Strategizing for 2014 – Now is the time to begin!
Since the Supreme Court decided in June to uphold the health insurance reform provisions of the Patient Protection and Affordable Care Act (PPACA), hardly a day has gone by that I haven't read or heard something about businesses considering no longer offering health coverage in 2014.
Under PPACA's employer mandate, which is effective on January 1, 2014, companies with 50 or more full-time employees will have to either:
- provide all full-time employees (and their dependents) coverage that is "affordable" (i.e., employee contributions cannot exceed 9.5% of household income) and provides "minimum value ( i.e., the plan covers at least 60% of allowed costs) , or
- pay a penalty.
You may have heard of this referred to as the "play or pay decision," and whether an employer continues to offer medical benefits will have significant ramifications for both employers and employees — as well as for the health care system as a whole.
Accordingly, I thought it might be helpful to provide readers with some food for thought as you think about these options. We know that most, if not all, employers, as well as brokers and consultants on behalf of clients, have calculated what it would mean to pay the penalty rather than offer coverage. While there are additional financial considerations that should be thought through, the decision of whether to "play or pay" requires consideration of other important factors including:
- Employer-sponsored health benefits are a significant component of total employee rewards, and the financial value is delivered on a pre-tax basis. Employers may need to provide market value packages to hire/retain employees to compensate for the loss of benefits — especially higher wage earners who won't be eligible for federal tax credits. But, unlike employee benefits, increased wages will be subject to taxation, which will decrease the value of the increased compensation for employees. So the employee could not only end up paying higher taxes due to more compensation but also losing the pre-tax treatment of their benefit value.
- Offering health benefits leads to employee satisfaction, loyalty and productivity — ultimately attracting and retaining talent. A well designed benefit strategy can promote a culture of wellness and personal accountability that benefits your employees and your bottom line.
- Indirect costs from lost productivity due to illness and chronic disease can be significant and should be factored in as well. The implementation of programs that promote a culture of health and wellness are likely to continue to be valued by employers from not only a workforce health perspective but also a financial perspective.
- The penalties for not offering employee coverage may increase over time, particularly if Exchange utilization is higher than anticipated.
As you can see, there are many factors to consider as employers, brokers and consultants determine strategies for 2014 and beyond – and I've only touched on a few.
No matter what happens with reform in the future, we believe that employers will reap near and long term benefits from programs that drive individual engagement and accountability for one's own health and health care spending.
If, as an employer, you are undecided on the "big question," or you are a broker or consultant advising a client, choosing to offer benefit programs that promote these concepts seem like a safe bet. That's consistent with our strategic vision for an empowered health care system that has optimal health as its goal; one that exists to serve and empower individuals by providing access to quality health care, offering a range of affordable coverage alternatives and aligning incentives across the health care system to influence behaviors and life style choices.
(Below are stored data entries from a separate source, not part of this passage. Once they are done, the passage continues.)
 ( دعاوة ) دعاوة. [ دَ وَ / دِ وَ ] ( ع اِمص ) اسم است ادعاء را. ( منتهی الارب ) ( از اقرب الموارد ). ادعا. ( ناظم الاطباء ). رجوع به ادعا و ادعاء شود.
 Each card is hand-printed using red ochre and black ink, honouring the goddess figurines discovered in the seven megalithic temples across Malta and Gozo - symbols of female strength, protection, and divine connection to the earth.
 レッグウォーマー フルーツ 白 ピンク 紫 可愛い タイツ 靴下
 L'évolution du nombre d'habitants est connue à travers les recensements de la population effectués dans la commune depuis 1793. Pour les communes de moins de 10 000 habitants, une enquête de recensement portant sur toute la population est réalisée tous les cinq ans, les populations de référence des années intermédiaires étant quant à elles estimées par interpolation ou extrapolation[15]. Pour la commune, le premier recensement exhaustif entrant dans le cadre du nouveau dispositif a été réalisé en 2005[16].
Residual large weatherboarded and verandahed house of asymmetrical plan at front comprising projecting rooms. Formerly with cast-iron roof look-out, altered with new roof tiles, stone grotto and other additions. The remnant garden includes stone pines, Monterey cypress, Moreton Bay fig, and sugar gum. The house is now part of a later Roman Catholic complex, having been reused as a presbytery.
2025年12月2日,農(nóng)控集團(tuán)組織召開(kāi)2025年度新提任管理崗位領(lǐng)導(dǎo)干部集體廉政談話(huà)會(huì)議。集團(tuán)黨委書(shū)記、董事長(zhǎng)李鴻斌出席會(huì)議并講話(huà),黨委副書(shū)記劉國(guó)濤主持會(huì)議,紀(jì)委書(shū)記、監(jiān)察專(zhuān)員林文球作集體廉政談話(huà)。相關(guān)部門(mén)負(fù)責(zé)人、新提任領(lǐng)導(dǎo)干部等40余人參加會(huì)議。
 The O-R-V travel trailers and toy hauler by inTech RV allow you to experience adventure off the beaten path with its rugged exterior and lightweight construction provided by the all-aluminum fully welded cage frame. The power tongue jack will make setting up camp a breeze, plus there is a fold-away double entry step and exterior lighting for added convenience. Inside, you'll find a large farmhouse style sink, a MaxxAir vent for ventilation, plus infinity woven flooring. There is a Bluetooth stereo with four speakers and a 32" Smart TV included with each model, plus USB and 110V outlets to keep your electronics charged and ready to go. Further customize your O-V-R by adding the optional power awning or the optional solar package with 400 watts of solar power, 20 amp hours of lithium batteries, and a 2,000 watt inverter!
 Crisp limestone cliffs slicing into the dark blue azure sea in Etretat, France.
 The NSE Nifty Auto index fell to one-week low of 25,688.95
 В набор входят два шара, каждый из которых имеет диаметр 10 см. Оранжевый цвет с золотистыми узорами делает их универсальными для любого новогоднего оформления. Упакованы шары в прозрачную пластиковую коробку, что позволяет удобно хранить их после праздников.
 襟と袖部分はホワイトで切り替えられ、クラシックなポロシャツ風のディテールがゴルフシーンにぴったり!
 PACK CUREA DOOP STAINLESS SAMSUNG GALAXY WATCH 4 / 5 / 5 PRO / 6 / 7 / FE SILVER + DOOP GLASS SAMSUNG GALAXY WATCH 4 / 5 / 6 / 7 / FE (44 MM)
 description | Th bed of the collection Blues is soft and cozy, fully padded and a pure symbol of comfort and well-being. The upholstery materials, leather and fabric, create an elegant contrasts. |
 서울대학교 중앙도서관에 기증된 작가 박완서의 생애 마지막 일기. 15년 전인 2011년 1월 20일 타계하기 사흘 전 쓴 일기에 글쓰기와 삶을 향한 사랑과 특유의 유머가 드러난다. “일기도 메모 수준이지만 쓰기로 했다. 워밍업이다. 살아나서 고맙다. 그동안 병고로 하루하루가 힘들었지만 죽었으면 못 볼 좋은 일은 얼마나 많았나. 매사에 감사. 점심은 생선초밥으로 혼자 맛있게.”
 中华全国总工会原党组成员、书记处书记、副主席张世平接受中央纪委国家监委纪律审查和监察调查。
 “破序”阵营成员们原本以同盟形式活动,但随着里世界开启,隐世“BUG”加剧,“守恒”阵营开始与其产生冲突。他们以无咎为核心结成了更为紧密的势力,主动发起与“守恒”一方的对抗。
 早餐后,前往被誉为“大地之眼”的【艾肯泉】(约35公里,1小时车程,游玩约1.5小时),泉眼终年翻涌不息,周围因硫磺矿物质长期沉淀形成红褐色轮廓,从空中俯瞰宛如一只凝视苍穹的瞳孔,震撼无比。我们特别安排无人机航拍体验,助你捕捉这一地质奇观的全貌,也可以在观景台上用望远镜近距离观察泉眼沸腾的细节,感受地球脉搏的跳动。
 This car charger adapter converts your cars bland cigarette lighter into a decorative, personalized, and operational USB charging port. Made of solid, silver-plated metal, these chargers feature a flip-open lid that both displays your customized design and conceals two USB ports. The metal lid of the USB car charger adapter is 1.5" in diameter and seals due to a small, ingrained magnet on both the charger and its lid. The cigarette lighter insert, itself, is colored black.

Perhaps this is a good time to seriously consider a consumer-directed health plan, or other value-based plan such as tiered benefits. Combined with incentives for completion of biometrics or health assessments, wellness programs, and health education, tools and resources, consumer-directed plans have shown demonstrable success in lowering costs and fostering improved consumer awareness and engagement In their own health care.
To get a feel for how this can work, take a look at the Sixth Annual Cigna Choice Fund Experience Study.
We've continued to enhance our consumer-driven health plans (Cigna Choice Fund) since the initial launch in 2005. Our consumer focused plans provide individuals with personalized, relevant, actionable information, tools and resources so that they can make informed health decisions based on their unique circumstances.
Year over year, the Choice Fund study demonstrates that when individuals are more engaged in actively managing both their own health and their health care expenses, they can also improve their health and lower costs – without sacrificing quality, under-utilizing care or paying more premium. Our Choice Fund offering combined with our award winning Cost of Care Estimator are key drivers of the plan's overall success. Transparency of information encourages health care consumers to become more educated.
Of course, there is no one-size-fits-all benefits strategy. The "right" strategy is driven by a company's culture and philosophy, benefits policy and workforce demographics.
Evaluation of employee populations and current plans for both affordability and value is crucial.
If you identify gaps or opportunities and know you are headed for significant change, initiating the change sooner rather than later will allow employees more time to "ease" into new programs over multiple years!
So, if you haven't started planning a 2014 benefit strategy, now is the time to begin.
As always, we are here to help you evaluate your options.